Tombouctou fut une ville-lumière, située aux confluences de plusieurs civilisations et la fameuse université de Sankoré, véritable foyer intellectuel qui attirait, tels des lucioles, des savants du monde entier venus s’abreuver à la source limpide du savoir, n’a pas peu contribué, à l’apogée de la ville, entre les 15ème et 16ème siècles, à fonder la renommée universelle de la Cité mystérieuse
La mosquée de Sankoré abritait la Medersa, cette université qui valut au 15ème siècle son rayonnement international à la cité qui, à l’époque, comptait près de 100 000 habitants. 25 000 étudiants se répartissaient entre l’université et les 180 écoles coraniques. Provenant de tout le monde musulman, ils venaient parfaire leurs connaissances en théologie, en droit, en grammaire, mais aussi en matière de traditions, d’histoire et d’astrologie. Des lettrés, écrivains et théologiens venus du Maghreb faisaient le déplacement, autant pour apprendre que pour enseigner.
Des professeurs de Tombouctou se voyaient invités par la célèbre université musulmane d’AI-Ahzar en Egypte. Des jurisconsultes marocains de Fès faisaient le voyage de Tombouctou pour renouveler leur savoir. Le vrai trésor de Tombouctou est constitué d’un ensemble de près de 100 000 manuscrits, détenus par les grandes familles de la ville.
Ces manuscrits, dont certains datent de l’époque préislamique, remontant 12ème siècle, sont conservés comme des secrets de famille. Ils sont pour la plupart écrits en arabe ou en fulani, la langue peule, par des savants originaires de l’ancien empire du Mali et contiennent un savoir didactique, notamment dans les domaines de l’astronomie, de la musique, de la botanique, de la médecine…
Des manuscrits plus récents couvrent le droit, les sciences, l’histoire (avec d’inestimables documents comme le Tarikh es-Sudan de Mahmoud Kati sur l’histoire au 15ème siècle et le Tarikh el-Fetash d’Abderahmane Es-Saad, au 17ème siècle), la religion, le commerce.
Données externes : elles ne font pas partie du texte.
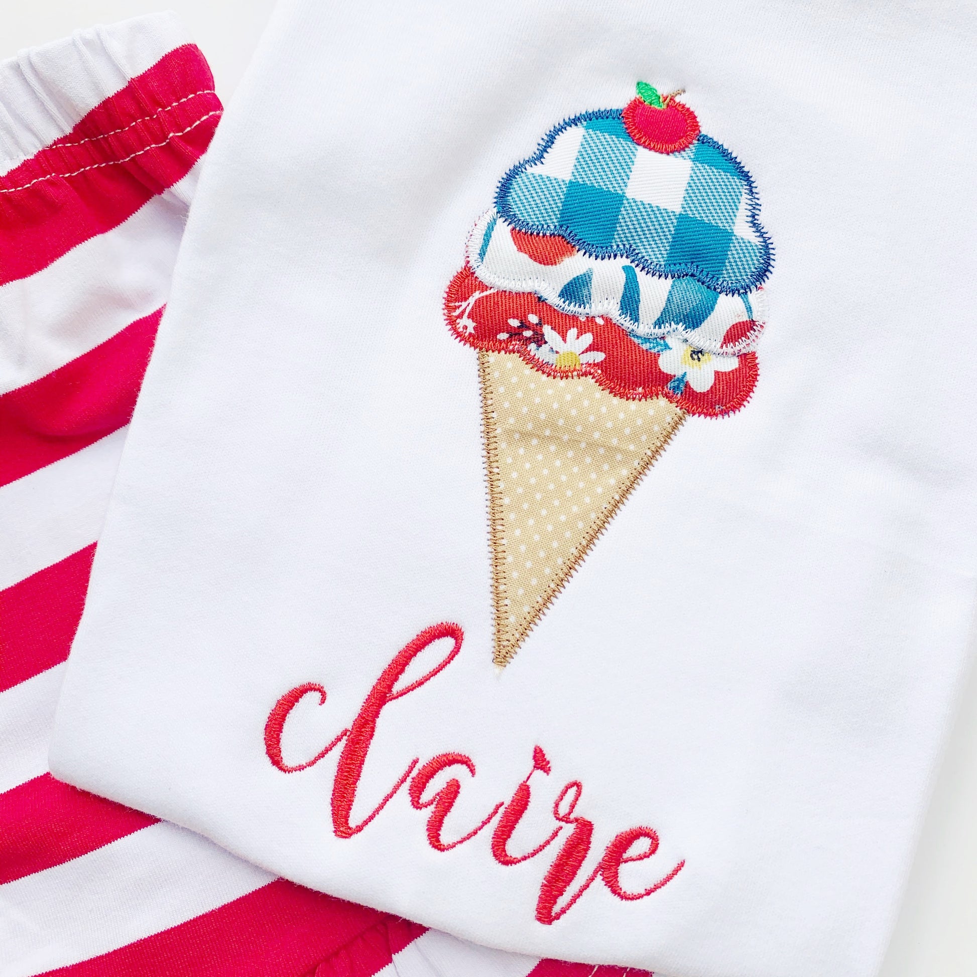 Give your little girl the perfect patriotic look with this Girls Patriotic Ice Cream Outfit! Featuring an adorable applique ice cream cone in red white and blue, it's the perfect look for the 4th of July (or any day!) - available with or without a pair of red stripe ruffle shorts for extra sweetness!

L’Institut des hautes études et recherches islamiques (IHERI) Ahmed Baba (Cedrab), fondé en 1970 avec l’aide de l’UNESCO, recueille ces manuscrits pour les restaurer et les numériser. Si plus de 18 000 ont déjà été collectés, on estime qu’il en existerait jusqu’à 300 000 dans la zone touarègue.
60 à 80 bibliothèques privées existent dans la ville, parmi lesquelles la bibliothèque commémorative Mamma Haidara et la bibliothèque Mahmoud Kati. Couvrant l’ensemble des domaines du savoir, les manuscrits sont menacés par les mauvaises conditions de conservation et surtout par le trafic dont ils font l’objet au profit de riches collectionneurs occidentaux.
Lorsque le 25 Janvier 2012, les djihadistes qui se sont emparés du Nord Mali ont perpétré un autodafé à la grande bibliothèque Ahmed Baba, tout le monde a craint le pire. Heureusement, grâce au courage et à la perspicacité de certains Tombouctiens, l’essentiel de ce fond documentaire, unique au monde, fut sauvé. Quelques milliers de manuscrits furent quand même détruits.
Cet épisode devrait donner à réfléchir. Comment trouver les voies et moyens de valoriser et d’exploiter ces manuscrits, de les traduire, d’en faire des matériels didactiques pour les écoles, les rendre redondants, pour emprunter un vocabulaire cher aux informaticiens, afin qu’en cas de coup dur, les connaissances qu’ils contiennent ne se perdent pas?
Comme on l’a vu avec l’incendie de la fameuse bibliothèque d’Alexandrie, où d’inestimables savoirs qui permettaient, par exemple, aux thaumaturges de guérir, d’un seul mot, des maux réputés incurables, sont partis en fumée. Pour toujours.